Waldstatt: Klettersteig an der Urnäsch


Publiziert von konschtanz , 22. Mai 2024 um 21:50.

Region: Welt » Schweiz » Appenzell
Tour Datum:19 Mai 2024
Wegpunkte:
Geo-Tags: CH-AR 
Zufahrt zum Ausgangspunkt:10:10 Uhr Start mit dem Velo in Kreuzlingen Bärenplatz, über Lengwil, Illighausen, Klarsreuti, Mattwil, Leimbach, Sulgen, Kradolf, Bischofszell, Hauptwil, Ronwil, Arnegg, Gossau, Herisau, Waldstatt. Ankunft ARA Waldstatt 14:25 Uhr kein Parkplatz für Autos.

Ich stelle mein Velo bei der ARA von Waldstatt ab, ziehe die Bergschuhe an und los geht's.

Im Schluchtenwald umhüllt mich der verhaltene Gesang eines Rotkehlchens. Seine Stimme klingt bedeckt wie der Himmel: Bei der schweisstreibenden Hinfahrt bergauf waren Wolken willkommen.

Der Pfad, der von der ARA abwärts an die Urnäsch führt, wird unterhalten. Stufen sind erneuert, ein Abschnitt, den ein umstürzender Baum mit seinen Wurzeln aufgerissen hat, wird durch eine neu gezimmerte Holztreppe umgangen, und das Stahltross, das als Geländer dient, glänzt noch hell.

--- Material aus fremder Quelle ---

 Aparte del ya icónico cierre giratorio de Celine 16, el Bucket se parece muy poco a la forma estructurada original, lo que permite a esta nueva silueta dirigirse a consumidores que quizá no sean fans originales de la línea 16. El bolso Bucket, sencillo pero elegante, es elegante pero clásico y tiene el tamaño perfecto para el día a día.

Unten quert eine Metallbrücke den Fluss, der Auensteg.

 

Auf der anderen Seite geht es solange hoch, bis der Weg eine Linkskurve macht und das Geländerseil die Seite wechselt. Hier folge ich hangparallel einem Pfad flussaufwärts. Nach Querung einer Runse erreiche ich einen Grat. Wenn man von da einen Ausblick nach unten wagt, sieht man, dass hier Felsbänke steil aufsteigend die Böschung schneiden. Abstieg am Grat, bis man weiter kann. Im ungünstigsten Fall hinunter bis ganz ans Ufer.

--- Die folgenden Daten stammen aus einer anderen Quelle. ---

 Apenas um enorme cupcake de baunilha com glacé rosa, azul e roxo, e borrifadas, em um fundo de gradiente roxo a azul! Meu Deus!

Wenn man dort ein kurzes Stück weiter flussaufwärts geht, sieht man links in der Böschung Seile. Da geht es hoch. Die Seile queren eine grasige Runse und führen auf einen riesigen Felsblock.

 

Mein Weg, der etwas höher durch die Böschung führt, trifft zufällig zwei Meter oberhalb des Seils auf die Runse. So kann ich das Seil und die Eisenkrampen oben am Fels nutzen. Von der Felsplattform gib es einen Abstieg mit Seil runter ins Wasser. Damit hat es folgende Bewandnis:

 

Die Urnäsch durchschneidet hier einen Felsriegel aus hartem Sandstein. Direkt vor der Enge sind von beiden Seiten haushohe Felsblöcke in den Fluss gefallen und sorgen so direkt vor der Verengung für kräftige Strömung. Diese Felsen dienen als natürlicher Sprungturm für die Einheimischen, die hier im Sommer baden.

 

Nach der Passage erweitert sich der Fluss zu einem Becken, das auch als Schwimmbecken für die weniger Waghalsigen dient. Und genau hier, auf der Rückseite der Enge, führt das Seil und Eisenkrampen auf den Felsen, den ich gerade bestiegen habe. Der Abstieg auf der Gegenseite ist durch eine solide im Fels verschraubte Alu-Leiter gesichert, von da kommt man direkt auf die Sprungfelsen. Ob die Installation ein Werk der Schwimmer, des Militärs oder von Kletterfreunden ist, weiss ich nicht.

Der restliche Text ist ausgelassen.